DGD: Redes 52 (clonografía), 2008 |
martes, 25 de agosto de 2015
La trampa del bien supremo
A nivel
teórico, el mal metafísico se relaciona con el orden o desorden del universo.
Los pensadores coinciden, al menos, en un punto elemental: todo mal es
esencialmente negativo, puesto que consiste en una ausencia, un vacío. De modo
muy significativo, el hombre ha visto siempre esa ausencia como despojo. El mal
no es la adquisición de algo sino la pérdida de un elemento necesario
para la perfección. Y una vez más puede preguntarse: ¿qué es la perfección sino
el estado divino? Una vez más aparece aquella perversa dinámica que
señalaba Gerrit
Berkouwer: la confusión de negatio con privatio. La perfección a la que tienden los deseos, necesidades y vocaciones de
los individuos, ¿se contentará con llegar al punto máximo de realización humana?,
¿o una vez llegado a este punto se verá que no es sino una “perfección todavía
imperfecta” y que ella aún ansía la única perfección ideal, la de la divinidad?
¿No lo dice aquella antigua fórmula a veces atribuida a los padres de la
Iglesia y a veces a los más sagaces heresiarcas, “Dios se hizo hombre para que
el hombre se hiciera Dios”?
Puede colocarse esto en forma de premisas: 1) el
hombre fue creado ex nihilo y de ello provienen sus limitaciones; 2) el
mal es la máxima limitación porque es lo más esencialmente negativo. De esto la
humanidad concluye que 1) el mal es la nada: a la vez el origen del ser humano y
su máximo límite; 2) el individuo ha sido despojado porque se le dio origen en
la nada y no en el todo. Pero si hubiera nacido del todo, precisamente
encontraría límites en todo: en cada parte de sí mismo y en cada parte
de su universo. De esta sospecha surge otra conclusión inferida: 1) de algo que
tiene su límite en la nada puede también decirse que es ilimitado; 2) el hombre
se siente sujeto de una trampa, de un engaño: fue creado de la nada pero es
limitado; la trampa consiste en que él mismo debe encontrar la forma de
“infinitizarse” (en el término acuñado por Néstor Martínez). Fue engañado
porque se le dio al mal como origen (la nada) y al bien como desafío (el todo).

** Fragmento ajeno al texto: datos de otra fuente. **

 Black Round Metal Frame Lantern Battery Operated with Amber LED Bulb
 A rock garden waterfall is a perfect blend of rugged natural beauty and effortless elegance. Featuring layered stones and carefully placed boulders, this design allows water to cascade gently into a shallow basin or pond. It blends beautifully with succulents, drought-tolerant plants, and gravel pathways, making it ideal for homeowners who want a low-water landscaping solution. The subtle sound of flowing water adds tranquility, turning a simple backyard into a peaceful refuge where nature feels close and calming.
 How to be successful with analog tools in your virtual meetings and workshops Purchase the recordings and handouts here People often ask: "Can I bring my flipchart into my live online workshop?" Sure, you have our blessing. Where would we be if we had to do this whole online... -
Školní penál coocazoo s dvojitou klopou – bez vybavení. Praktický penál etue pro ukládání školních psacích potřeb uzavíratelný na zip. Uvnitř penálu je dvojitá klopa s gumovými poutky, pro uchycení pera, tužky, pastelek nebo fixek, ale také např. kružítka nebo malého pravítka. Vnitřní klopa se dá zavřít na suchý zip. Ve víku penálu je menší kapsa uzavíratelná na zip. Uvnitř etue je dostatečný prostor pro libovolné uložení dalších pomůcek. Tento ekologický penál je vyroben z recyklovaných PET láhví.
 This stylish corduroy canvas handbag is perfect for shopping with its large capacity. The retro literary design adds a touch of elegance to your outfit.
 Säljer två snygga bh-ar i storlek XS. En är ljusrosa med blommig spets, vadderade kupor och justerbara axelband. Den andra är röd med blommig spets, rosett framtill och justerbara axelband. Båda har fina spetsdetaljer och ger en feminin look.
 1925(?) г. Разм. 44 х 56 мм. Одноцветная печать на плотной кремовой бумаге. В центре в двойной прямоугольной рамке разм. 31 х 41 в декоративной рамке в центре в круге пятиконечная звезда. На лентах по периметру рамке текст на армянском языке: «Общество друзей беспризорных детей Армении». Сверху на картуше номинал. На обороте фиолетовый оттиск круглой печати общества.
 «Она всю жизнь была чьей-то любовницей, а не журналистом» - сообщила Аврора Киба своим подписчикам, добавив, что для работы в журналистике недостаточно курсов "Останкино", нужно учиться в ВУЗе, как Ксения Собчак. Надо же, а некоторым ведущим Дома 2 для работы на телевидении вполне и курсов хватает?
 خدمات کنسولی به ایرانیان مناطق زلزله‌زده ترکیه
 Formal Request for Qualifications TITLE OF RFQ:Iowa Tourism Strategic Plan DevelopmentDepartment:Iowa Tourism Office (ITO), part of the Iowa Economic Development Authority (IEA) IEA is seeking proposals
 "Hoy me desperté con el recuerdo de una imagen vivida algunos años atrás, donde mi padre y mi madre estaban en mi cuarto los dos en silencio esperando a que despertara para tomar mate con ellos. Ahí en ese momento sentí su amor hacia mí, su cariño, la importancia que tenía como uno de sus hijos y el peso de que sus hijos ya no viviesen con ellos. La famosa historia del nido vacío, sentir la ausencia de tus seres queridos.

“El deseo es dolor en sí mismo”, decía
Schopenhauer. ¿Es el mal metafísico el supremo deseo de ser dioses, aun al
precio de que si esto se consiguiera estaríamos condenados a crear otros universos
imperfectos en los que las criaturas sufrientes desearían ser como nosotros? ¿O
el mal metafísico es simple y sencillamente el deseo de tomar el cielo por
asalto, ya sin otros fines que la pura rebelión, la pura expresión de
libertad (como denuncia Dostoievski en Memorias del subsuelo)? ¿Es eso
justamente lo que intentó hacer el ángel caído, a quien se llama Nadie y cuya
rebelión no tuvo otro motivo que el de ejercer hasta las últimas consecuencias
lo que el creador le había dado, la tendencia hacia la perfección, la trampa
del bien supremo? Sin embargo, ¿cómo la libertad puede ser el objetivo si,
según se dice, el hombre fue creado libre? ¿Quieren ángeles y hombres liberarse
de la libertad, o precisamente de aquella que los llevó, a ellos o a Dios, a la
invención del mal?
“Querer que el mal sea imposible”, exclamaba
Joseph de Finance, “es querer que lo que no es Dios sea Dios; es querer la
contradicción.” Pero es que acaso se trata de eso precisamente, de buscar la
contradicción, de cumplirla, de reivindicar la suprema contradicción de la
divinidad. Es la pregunta operativa de Leibniz en su respectiva Teodicea,
tan poderosa antes de que Leibniz se aplicara a responderla: “Si Dios existe,
¿de dónde proviene el mal? Si no existe, ¿de dónde proviene el bien?”.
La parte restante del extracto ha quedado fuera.